== TASK INSTRUCTIONS ==
Return the line containing "25: DIVINA LITURGIA" and every line beneath it through the end of the entries below, unchanged. Pictures stay out.

== STUDY MATERIAL ==
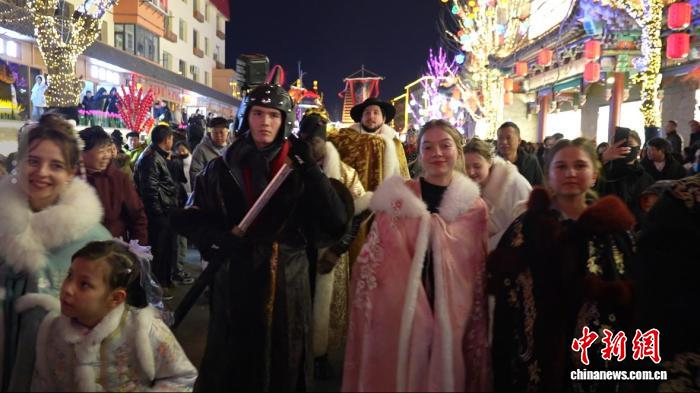 2月27日晚,身著各式傳統(tǒng)服飾的海外友人穿行于遼寧朝陽慕容街。 韓浩天 攝
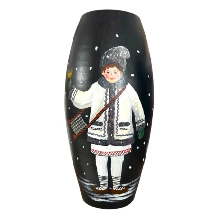 Această vază de 30 cm este lucrată manual și pictată cu migală în atelierul Ceramica Martinescu din Marginea, renumit pentru ceramica neagră bucovineană. Scena surprinde un băiat îmbrăcat de iarnă, purtând cojoc, traistă și clopoțel, mergând la colindat, evocând bucuria sărbătorilor și tradițiile românești autentice.
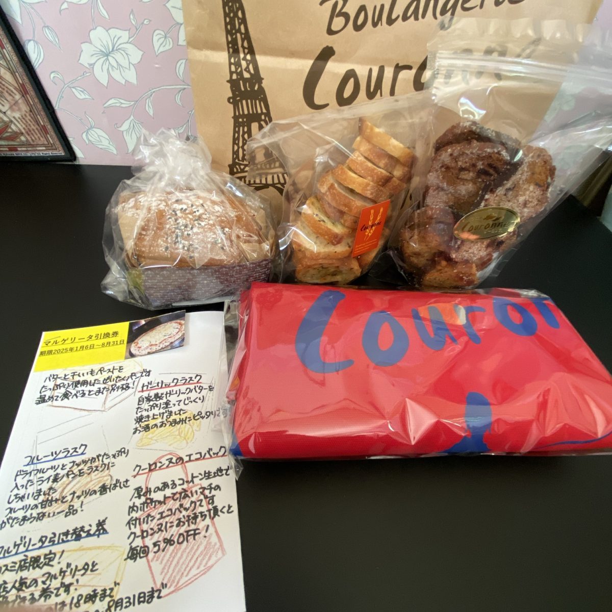 クーロンヌ福袋2025は 2160円でピザマルゲリータ引換券やエコバッグが入ってました。
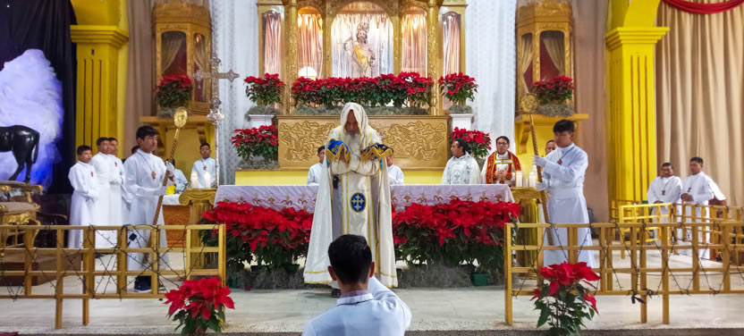 25: DIVINA LITURGIA EN LA SOLEMNIDAD DE LA NAVIDAD, CATEDRAL DE SAN JUAN BAUTISTA, COMALAPA, CHIMALTENANGO.
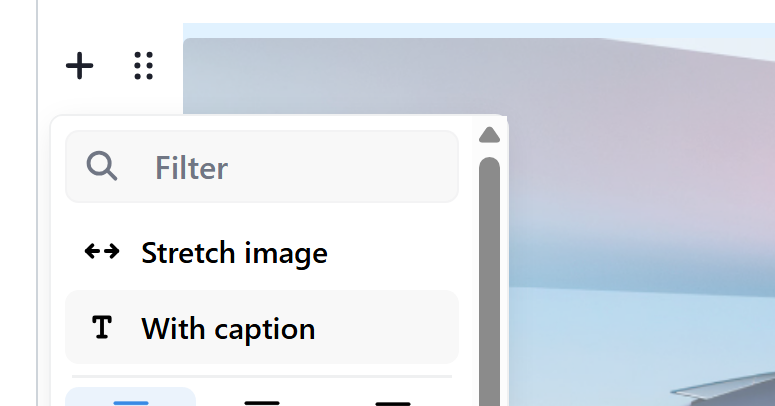 1. Hover where you want the image to be until the '+' appears;
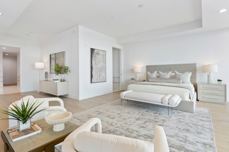Главная спальня расположена вдоль полоса стекла, выходящая на Окруженная внутрибереговым каналом, эта территория создает оазис, залитый естественным светом. Зона отдыха обрамляет вид на воду, а раздвижные двери ведут прямо на террасу.

== EXERCISE RESULT ==
 25: DIVINA LITURGIA EN LA SOLEMNIDAD DE LA NAVIDAD, CATEDRAL DE SAN JUAN BAUTISTA, COMALAPA, CHIMALTENANGO.
 1. Hover where you want the image to be until the '+' appears;
Главная спальня расположена вдоль полоса стекла, выходящая на Окруженная внутрибереговым каналом, эта территория создает оазис, залитый естественным светом. Зона отдыха обрамляет вид на воду, а раздвижные двери ведут прямо на террасу.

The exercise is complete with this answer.